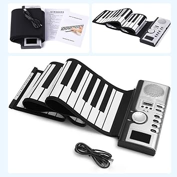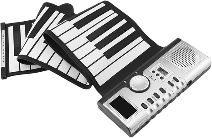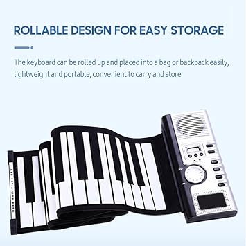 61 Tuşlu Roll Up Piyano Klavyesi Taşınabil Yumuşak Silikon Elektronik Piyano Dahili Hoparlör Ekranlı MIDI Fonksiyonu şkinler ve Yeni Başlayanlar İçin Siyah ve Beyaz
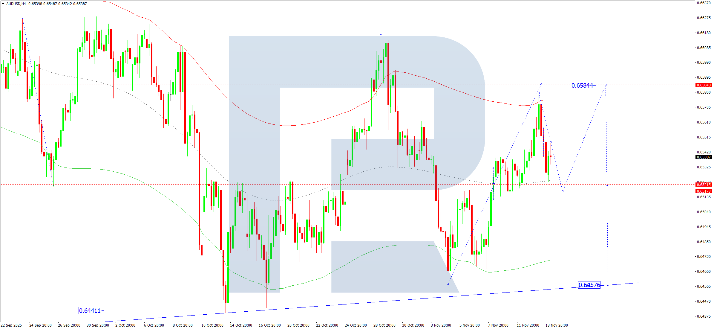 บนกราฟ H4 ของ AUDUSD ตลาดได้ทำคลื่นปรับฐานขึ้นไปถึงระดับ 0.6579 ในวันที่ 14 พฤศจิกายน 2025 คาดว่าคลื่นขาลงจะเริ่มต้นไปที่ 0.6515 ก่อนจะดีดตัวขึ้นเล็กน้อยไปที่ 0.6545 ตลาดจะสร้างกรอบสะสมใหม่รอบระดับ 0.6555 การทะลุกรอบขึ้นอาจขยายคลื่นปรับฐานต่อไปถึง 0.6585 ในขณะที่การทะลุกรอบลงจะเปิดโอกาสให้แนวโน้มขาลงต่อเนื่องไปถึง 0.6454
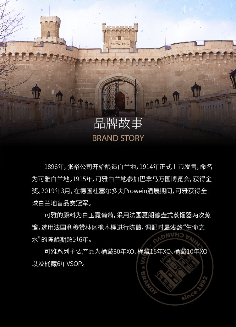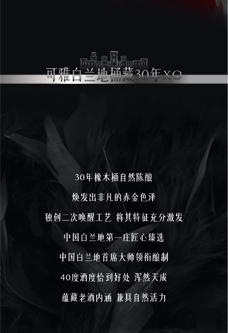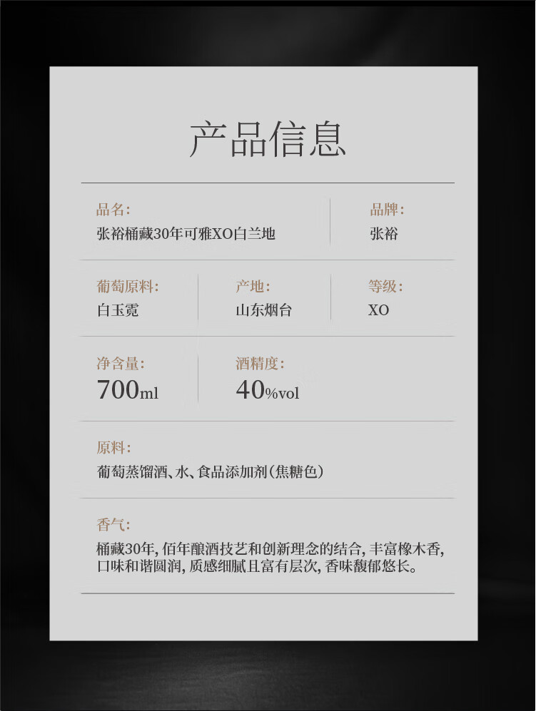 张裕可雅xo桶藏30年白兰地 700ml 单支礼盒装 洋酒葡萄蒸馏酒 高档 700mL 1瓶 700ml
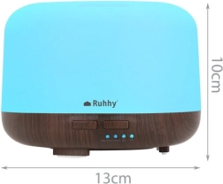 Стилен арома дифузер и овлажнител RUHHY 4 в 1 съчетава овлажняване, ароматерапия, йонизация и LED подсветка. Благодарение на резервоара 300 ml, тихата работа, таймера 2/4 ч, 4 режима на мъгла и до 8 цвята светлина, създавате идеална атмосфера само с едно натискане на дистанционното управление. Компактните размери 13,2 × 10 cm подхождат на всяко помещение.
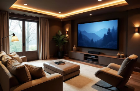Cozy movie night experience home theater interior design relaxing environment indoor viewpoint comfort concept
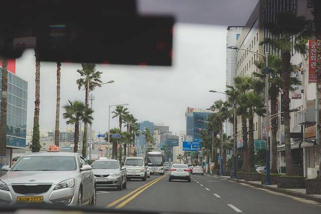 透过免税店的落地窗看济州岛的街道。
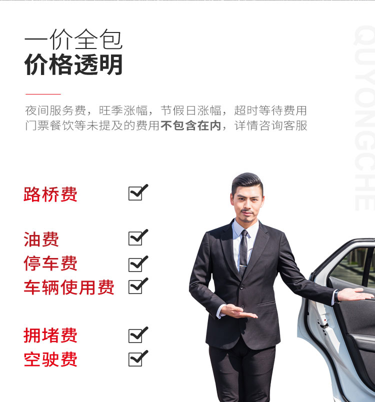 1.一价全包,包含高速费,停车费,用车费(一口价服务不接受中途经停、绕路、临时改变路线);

• • • •

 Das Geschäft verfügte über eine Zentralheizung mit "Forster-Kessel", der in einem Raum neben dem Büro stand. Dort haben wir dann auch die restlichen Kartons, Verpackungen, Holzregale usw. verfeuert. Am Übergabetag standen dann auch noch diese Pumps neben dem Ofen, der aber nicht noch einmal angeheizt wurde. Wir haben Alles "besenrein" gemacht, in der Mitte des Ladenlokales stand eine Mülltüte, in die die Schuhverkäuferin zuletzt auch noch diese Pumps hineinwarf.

• • • •

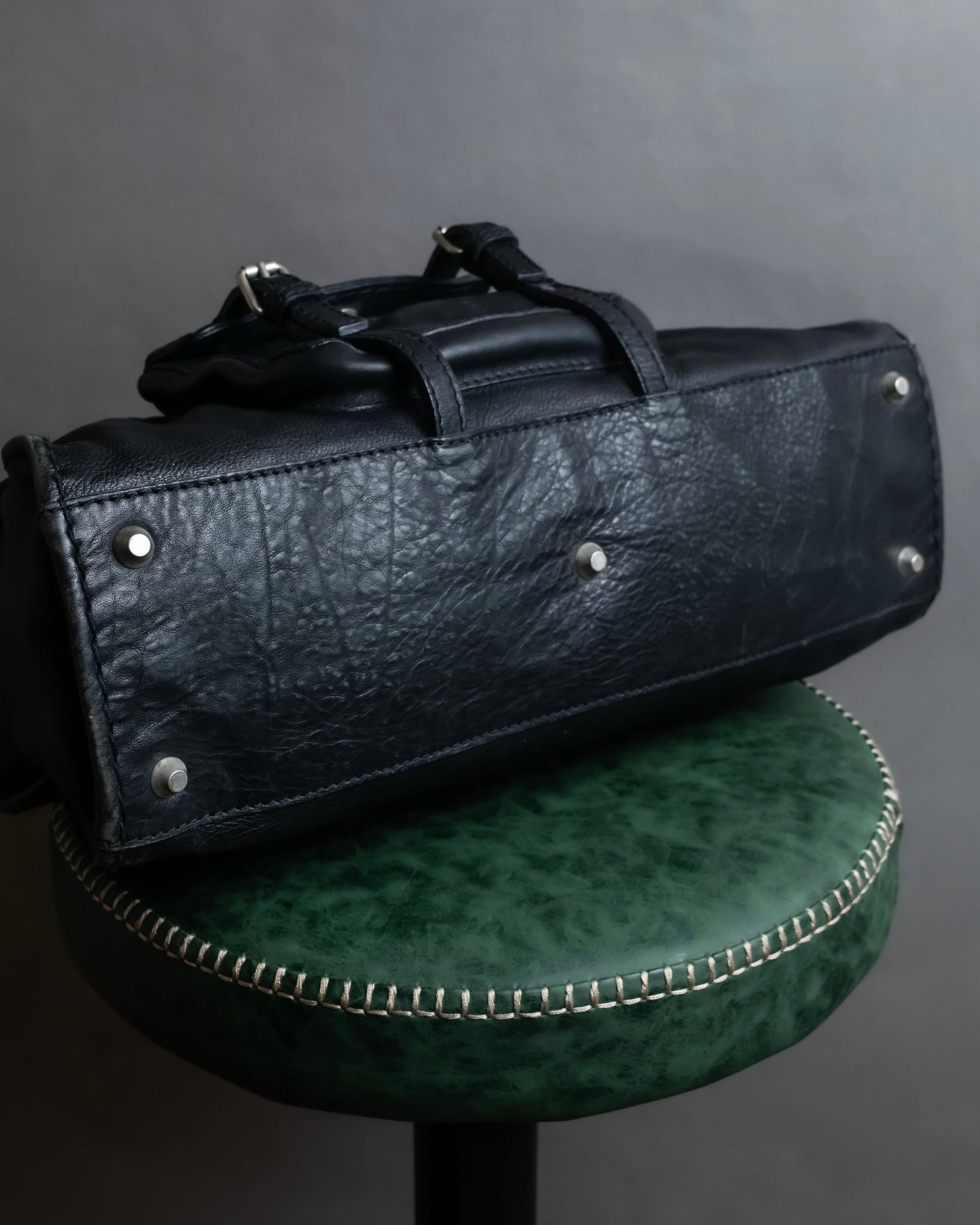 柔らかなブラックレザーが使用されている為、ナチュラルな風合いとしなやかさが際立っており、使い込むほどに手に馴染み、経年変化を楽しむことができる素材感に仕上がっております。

• • • •

Start at the line above containing "透过免税店的落地窗看济州岛的街道。" and stop at the line containing "1.一价全包,包含高速费,停": print those lines and everything between them exactly, but not the pictures.

 透过免税店的落地窗看济州岛的街道。
 1.一价全包,包含高速费,停车费,用车费(一口价服务不接受中途经停、绕路、临时改变路线);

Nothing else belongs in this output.